┌──

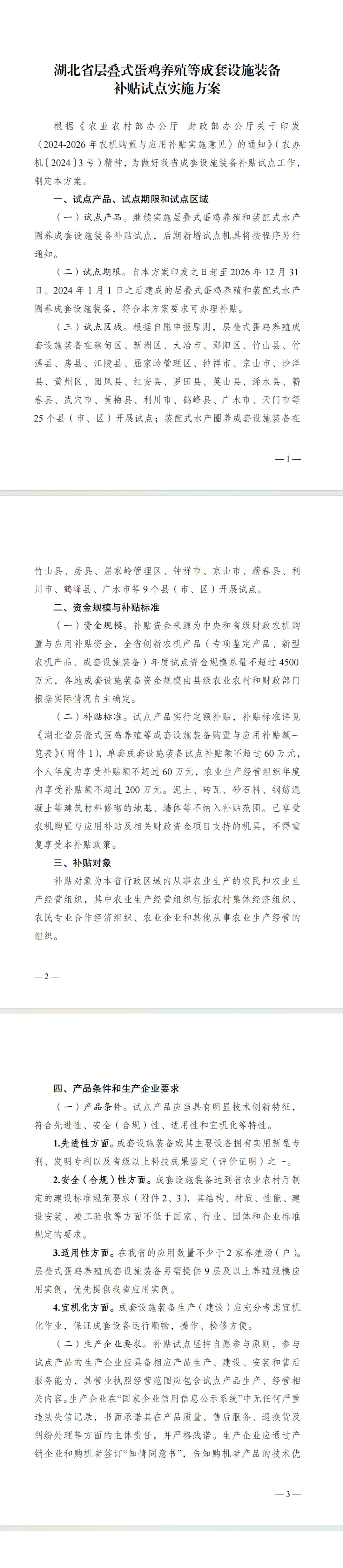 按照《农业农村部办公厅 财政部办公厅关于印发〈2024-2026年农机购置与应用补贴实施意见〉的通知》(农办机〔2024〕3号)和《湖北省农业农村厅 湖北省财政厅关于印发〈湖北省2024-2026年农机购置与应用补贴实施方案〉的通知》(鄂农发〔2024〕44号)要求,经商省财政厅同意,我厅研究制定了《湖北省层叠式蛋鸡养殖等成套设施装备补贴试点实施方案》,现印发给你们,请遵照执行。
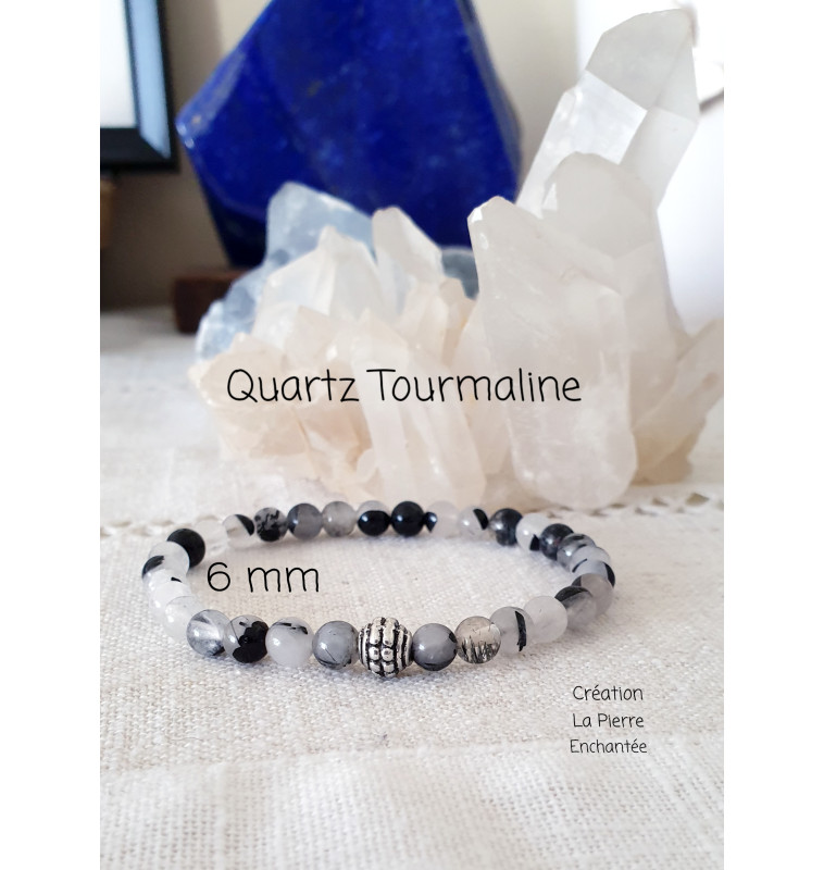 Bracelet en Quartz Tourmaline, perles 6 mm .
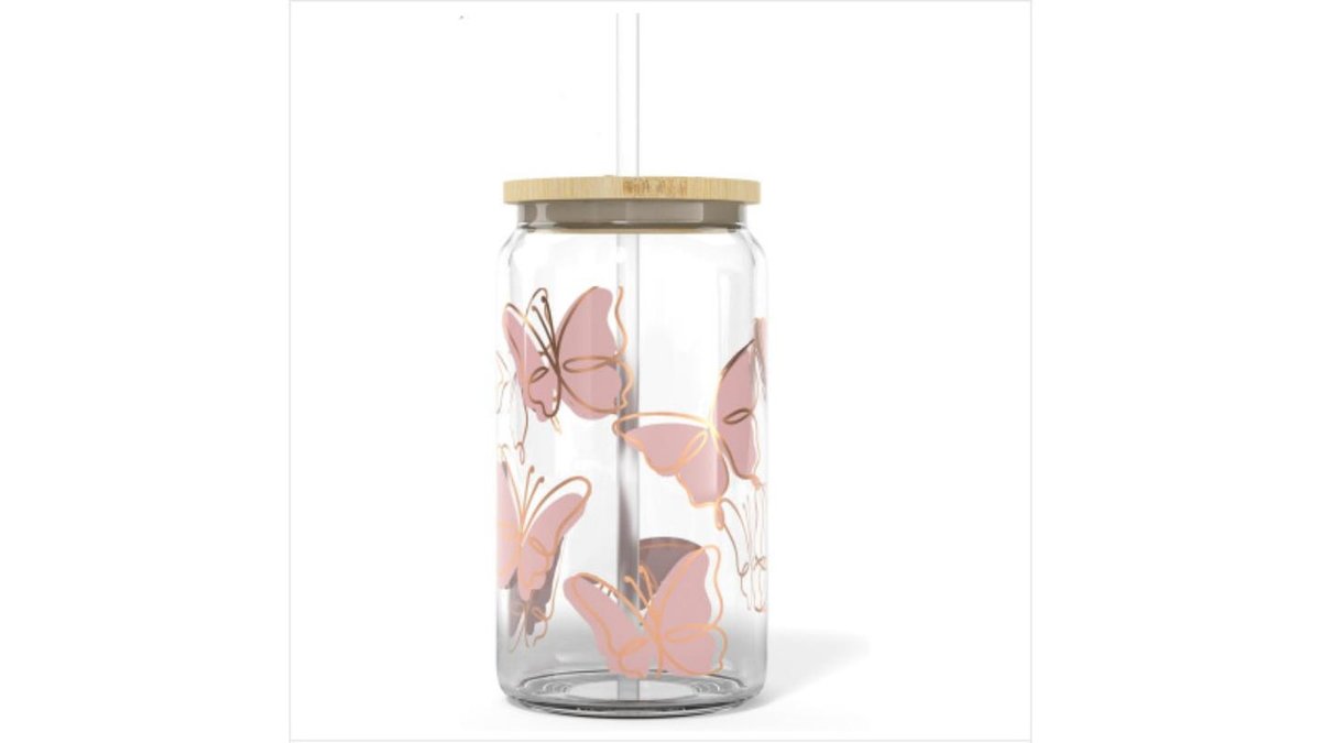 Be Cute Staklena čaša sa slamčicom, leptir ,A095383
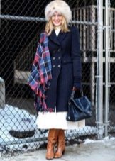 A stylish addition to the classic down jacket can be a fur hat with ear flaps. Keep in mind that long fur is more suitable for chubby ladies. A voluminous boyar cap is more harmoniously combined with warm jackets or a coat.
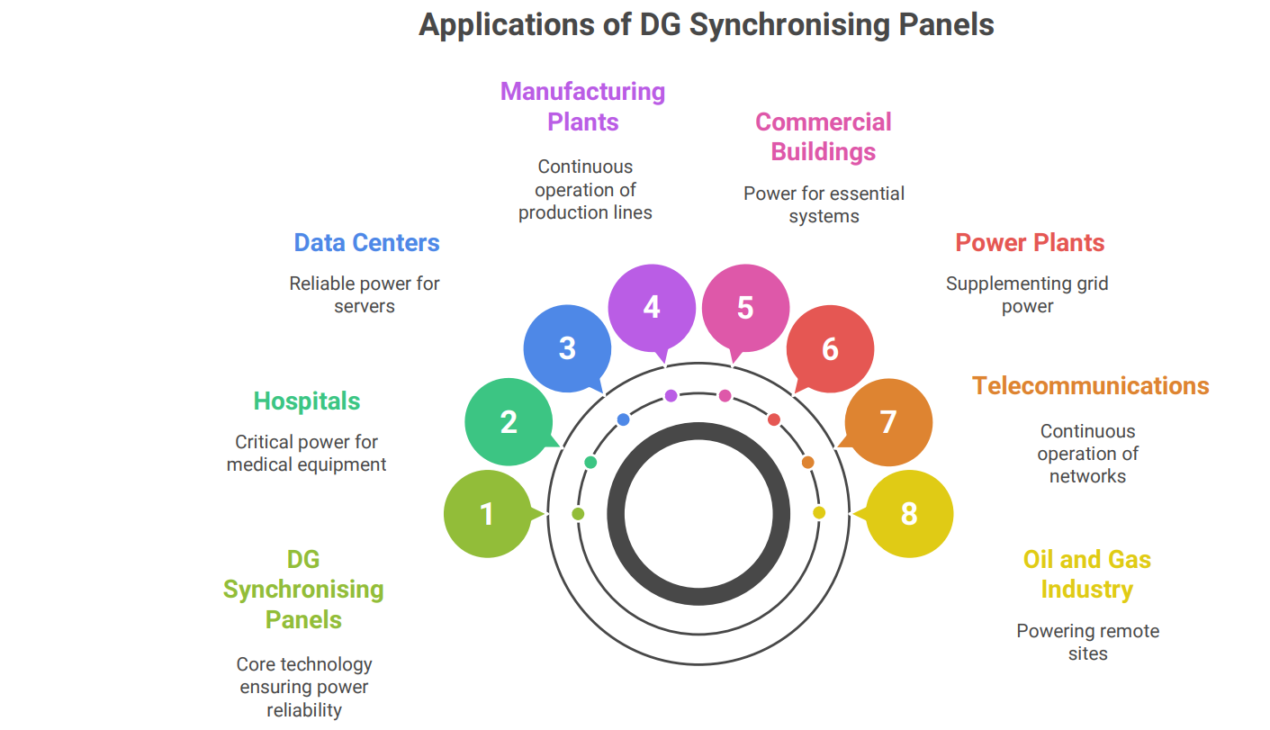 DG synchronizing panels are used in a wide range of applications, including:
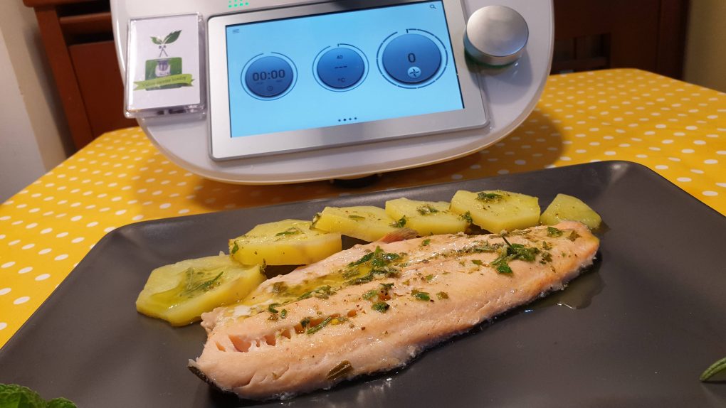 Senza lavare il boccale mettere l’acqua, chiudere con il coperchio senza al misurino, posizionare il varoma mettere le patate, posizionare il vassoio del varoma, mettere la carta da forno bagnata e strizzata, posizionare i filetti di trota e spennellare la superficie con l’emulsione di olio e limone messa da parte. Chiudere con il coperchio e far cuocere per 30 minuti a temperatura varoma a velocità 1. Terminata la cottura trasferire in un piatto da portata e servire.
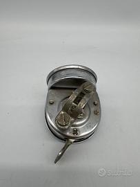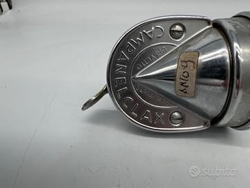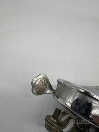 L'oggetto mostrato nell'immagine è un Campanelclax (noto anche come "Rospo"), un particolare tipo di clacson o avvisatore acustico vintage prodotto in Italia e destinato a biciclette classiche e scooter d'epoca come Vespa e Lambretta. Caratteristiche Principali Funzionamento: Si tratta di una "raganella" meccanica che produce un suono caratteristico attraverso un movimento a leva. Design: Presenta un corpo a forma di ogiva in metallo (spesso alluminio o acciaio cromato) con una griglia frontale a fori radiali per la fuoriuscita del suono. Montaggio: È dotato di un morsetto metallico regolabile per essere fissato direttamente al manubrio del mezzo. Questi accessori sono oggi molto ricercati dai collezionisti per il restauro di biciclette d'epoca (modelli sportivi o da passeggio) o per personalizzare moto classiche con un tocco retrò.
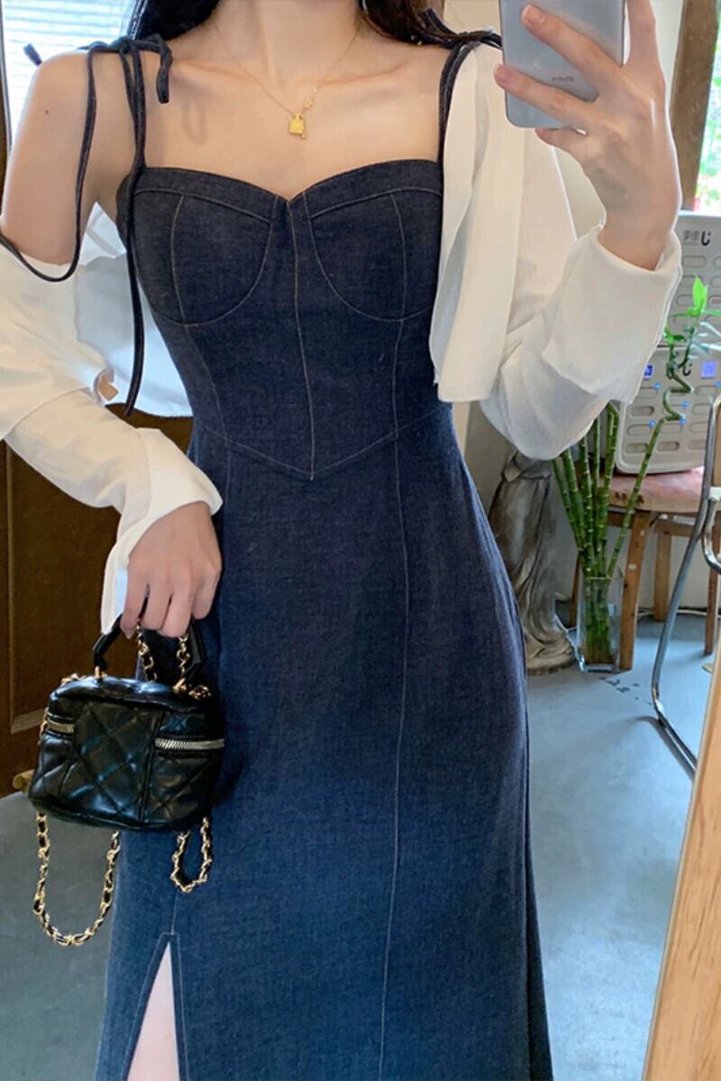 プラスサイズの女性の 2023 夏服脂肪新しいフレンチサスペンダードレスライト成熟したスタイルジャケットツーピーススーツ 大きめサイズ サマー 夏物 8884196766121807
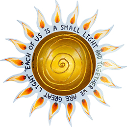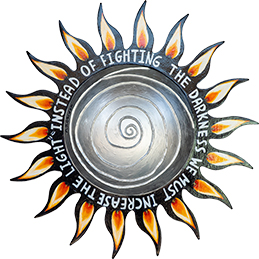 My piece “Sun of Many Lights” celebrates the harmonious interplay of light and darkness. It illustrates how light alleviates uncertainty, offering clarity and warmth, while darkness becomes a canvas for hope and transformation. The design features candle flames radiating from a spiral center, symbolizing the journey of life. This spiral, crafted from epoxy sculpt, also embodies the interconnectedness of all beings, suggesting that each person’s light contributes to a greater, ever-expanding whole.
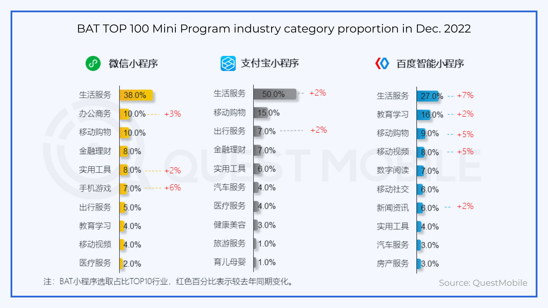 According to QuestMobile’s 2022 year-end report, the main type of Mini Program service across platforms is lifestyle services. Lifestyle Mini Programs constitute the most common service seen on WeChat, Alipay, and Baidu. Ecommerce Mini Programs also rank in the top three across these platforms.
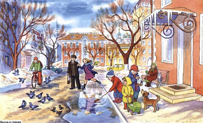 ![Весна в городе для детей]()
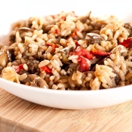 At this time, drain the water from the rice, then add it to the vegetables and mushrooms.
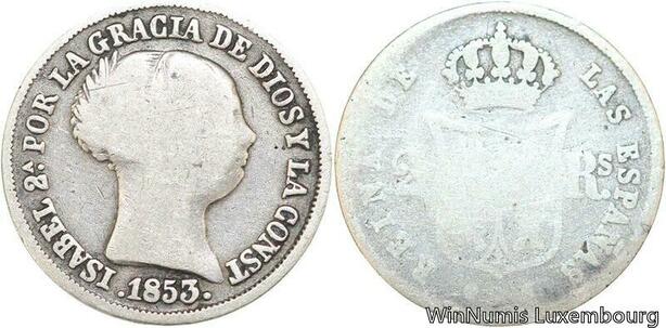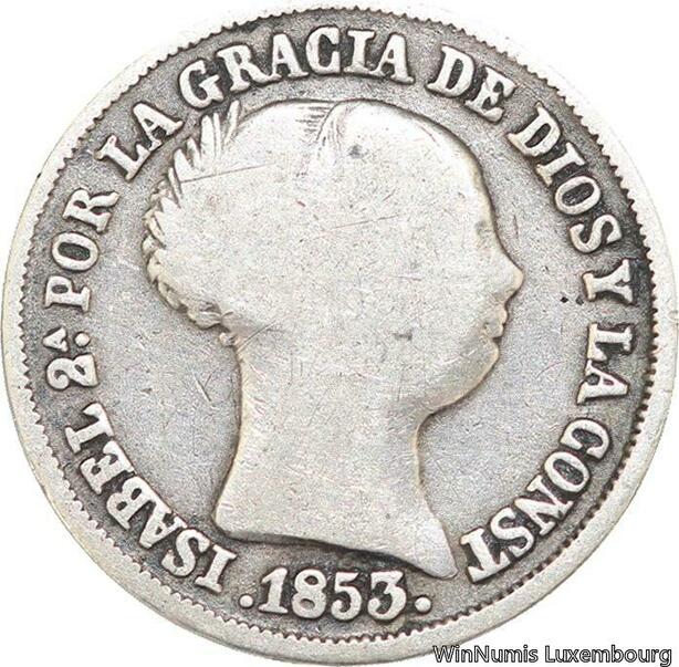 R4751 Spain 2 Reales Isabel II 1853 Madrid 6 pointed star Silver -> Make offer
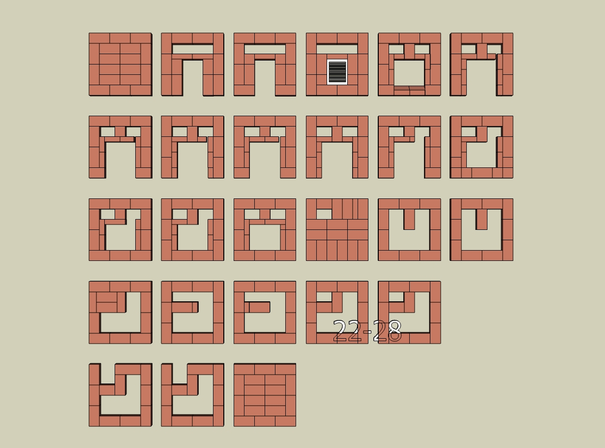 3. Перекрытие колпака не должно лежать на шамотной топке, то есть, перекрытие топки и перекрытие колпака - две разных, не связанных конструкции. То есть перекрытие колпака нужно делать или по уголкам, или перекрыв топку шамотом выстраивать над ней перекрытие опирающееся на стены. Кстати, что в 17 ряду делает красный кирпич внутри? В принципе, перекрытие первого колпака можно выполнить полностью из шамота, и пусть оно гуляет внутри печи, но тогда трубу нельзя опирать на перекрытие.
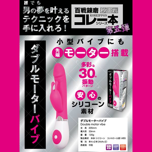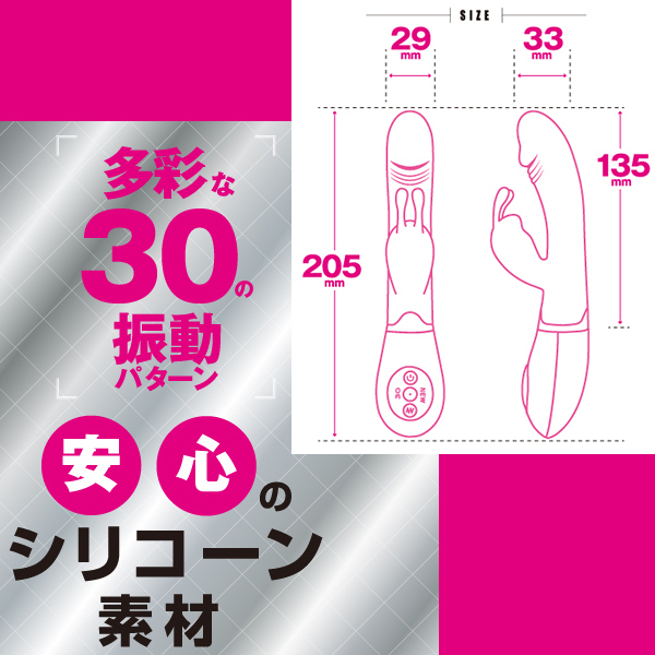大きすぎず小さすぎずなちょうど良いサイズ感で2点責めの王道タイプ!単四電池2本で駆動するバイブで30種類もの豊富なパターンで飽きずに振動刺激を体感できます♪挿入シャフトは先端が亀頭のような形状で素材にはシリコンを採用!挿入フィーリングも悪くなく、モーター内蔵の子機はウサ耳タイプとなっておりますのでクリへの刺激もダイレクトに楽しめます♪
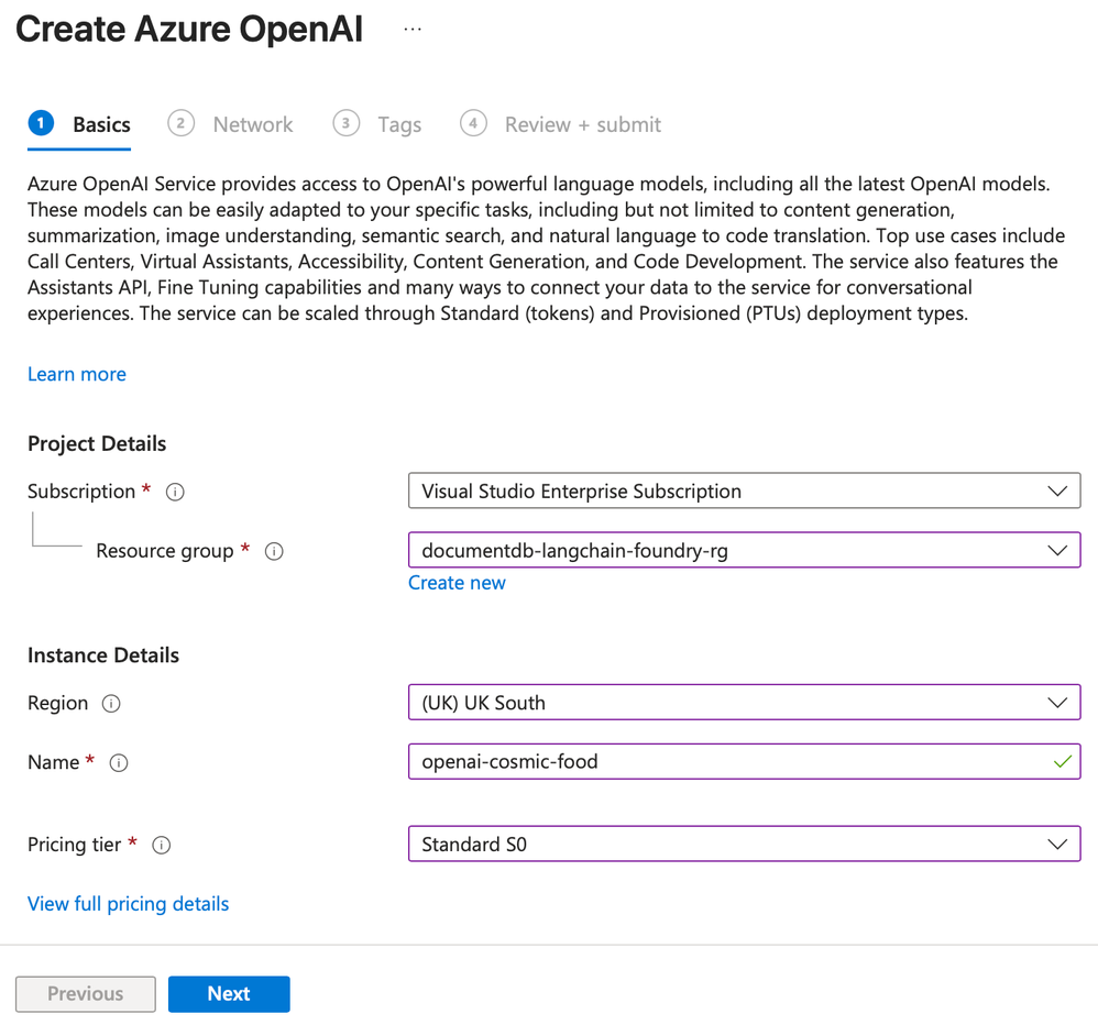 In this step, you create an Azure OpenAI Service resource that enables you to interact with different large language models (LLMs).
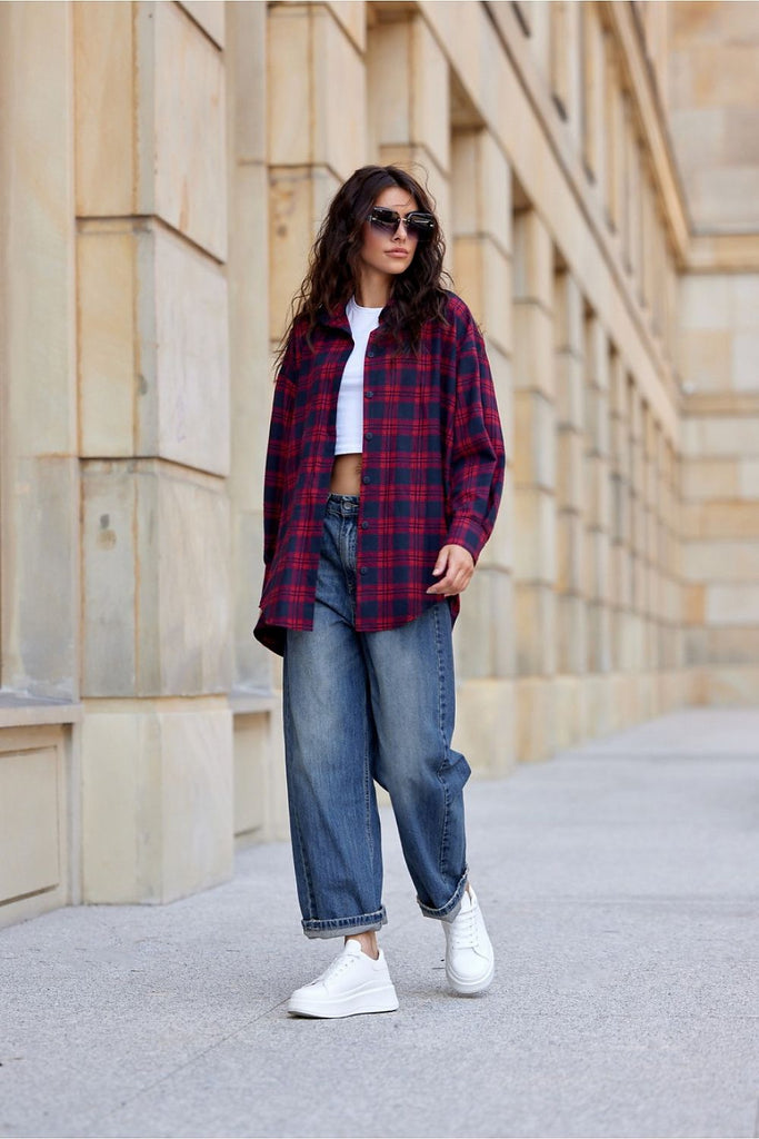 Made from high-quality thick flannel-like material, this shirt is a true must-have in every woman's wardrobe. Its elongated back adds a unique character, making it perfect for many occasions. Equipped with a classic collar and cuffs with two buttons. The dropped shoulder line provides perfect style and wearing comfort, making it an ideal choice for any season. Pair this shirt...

└──

# Required work
Everything from the line with "3. Перекрытие колпака" through the last line of the listing should be retyped exactly, with both end lines kept and the pictures left out.

# Written solution
 3. Перекрытие колпака не должно лежать на шамотной топке, то есть, перекрытие топки и перекрытие колпака - две разных, не связанных конструкции. То есть перекрытие колпака нужно делать или по уголкам, или перекрыв топку шамотом выстраивать над ней перекрытие опирающееся на стены. Кстати, что в 17 ряду делает красный кирпич внутри? В принципе, перекрытие первого колпака можно выполнить полностью из шамота, и пусть оно гуляет внутри печи, но тогда трубу нельзя опирать на перекрытие.
大きすぎず小さすぎずなちょうど良いサイズ感で2点責めの王道タイプ!単四電池2本で駆動するバイブで30種類もの豊富なパターンで飽きずに振動刺激を体感できます♪挿入シャフトは先端が亀頭のような形状で素材にはシリコンを採用!挿入フィーリングも悪くなく、モーター内蔵の子機はウサ耳タイプとなっておりますのでクリへの刺激もダイレクトに楽しめます♪
 In this step, you create an Azure OpenAI Service resource that enables you to interact with different large language models (LLMs).
 Made from high-quality thick flannel-like material, this shirt is a true must-have in every woman's wardrobe. Its elongated back adds a unique character, making it perfect for many occasions. Equipped with a classic collar and cuffs with two buttons. The dropped shoulder line provides perfect style and wearing comfort, making it an ideal choice for any season. Pair this shirt...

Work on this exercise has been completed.